New Technology boost for Road Freight Industry

22/02/2012

Dr Michael Milford from Queensland University of Technology’s Science and Engineering Faculty has created excitement in the road freight industry following the presentation of his paper SeqSLAM: Visual Route-Based Navigation for Sunny Summer Days and Stormy Winter Nights at the International Conference on Robotics and Automation to be held in Minnesota, USA, in May later this year. The paper, which studies how rats and mice find their way around, seems an unlikely topic to analyse, however the discoveries are expected to revolutionise driving in the road freight industry.

The aim of Dr Milford’s study is to challenge the position of the ever-present ‘Sat Nav’ by developing a technology that in time will make the ‘Sat Nav’ GPS units appear outdated. The project is ambitious given the recent developments in satellite technology however a number of fundamental weaknesses have been identified with the GPS systems. GPS systems rely on a totally reliable network space based hardware which is extremely vulnerable to any major disturbances such as increased solar activity.

Dr Milford’s research is studying a completely new field built upon visual navigation algorithms, named SeqSLAM standing for Sequence Simultaneous Localisation and Mapping, using local best match and sequence recognition components to lock in locations. GPS systems use three satellite signals as a minimum to create an exact position whereas the new research seeks to use low resolution cameras which ‘study’ their surroundings and recognise where they are.
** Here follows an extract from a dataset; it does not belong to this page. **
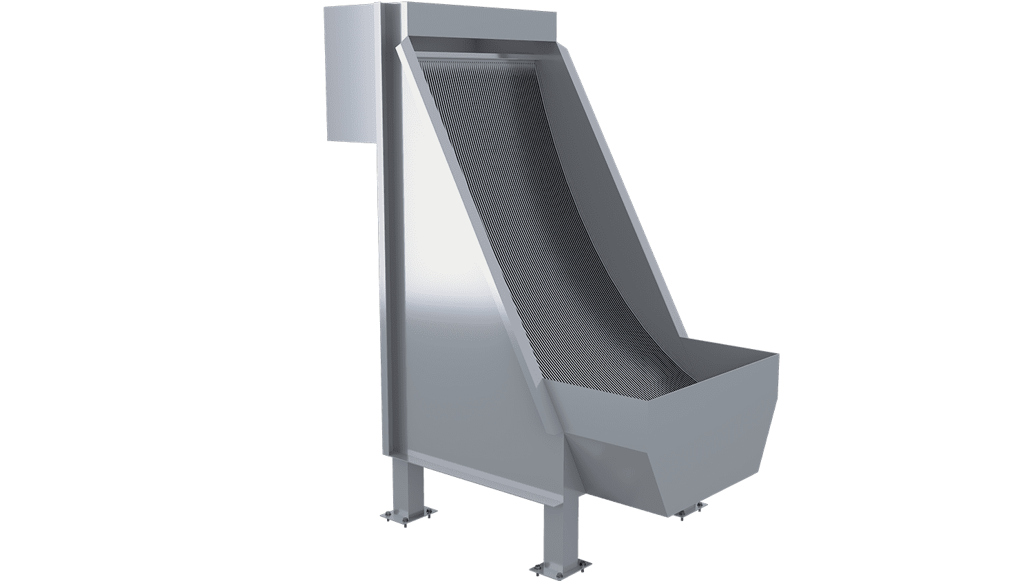 The static sieve is an apparatus for laminar sifting with high efficiency. It is designed to perform solid/liquid separation in all types of water: drinking, industrial and wastewater. The SCREEN comprises a frame body and a filter mesh. The water to be filtered strains through the openings, leaving the solids retained and separated in the filter mesh. The mesh of wavy laminar profiles performs two functions: distributing the raw water to be filtered over its width, and collecting that water through the interior area of the triangular profiles. There are three pending ramps: two for filtration and a last one for draining. The greatest filtration of raw water is achieved on the first ramp, following the filtration on the second ramp, and from there, on the third ramp, carry out the last draining of the solids retained by the static sieve.

Technology such as Google Street View has been at the forefront of such developments in satellite technology. Dr Milford’s research has been funded for three years by a grant of $375,000 (Australian) from the Australian Research Council.

He said, “My core background is based on how small mammals manage incredible feats of navigation despite their eyesight being quite poor. As we develop more and more sophisticated navigation systems they depend on more and more maths and more powerful computers. At the moment you need three satellites in order to get a decent GPS signal and even then it can take a minute or more to get a lock on your location. There are some places geographically, where you just can’t get satellite signals and even in big cities we have issues with signals being scrambled because of tall buildings or losing them altogether in tunnels.

“But no one’s actually stepped back and thought ‘do we actually need all this stuff or can we use a very simple set of algorithms which don’t require expensive cameras or satellites or big computers to achieve the same outcome?’ For example if I am in a kitchen in an office block, the algorithm makes the assumption I’m in the office block, looks around and identifies signs that match a kitchen. Then if I stepped out into the corridor it would test to see if the corridor matches the corridor in the existing data of the office block lay out.

“If you keep moving around and repeat the sequence for long enough you are able to uniquely identify where in the world you are using those images and simple mathematical algorithms.”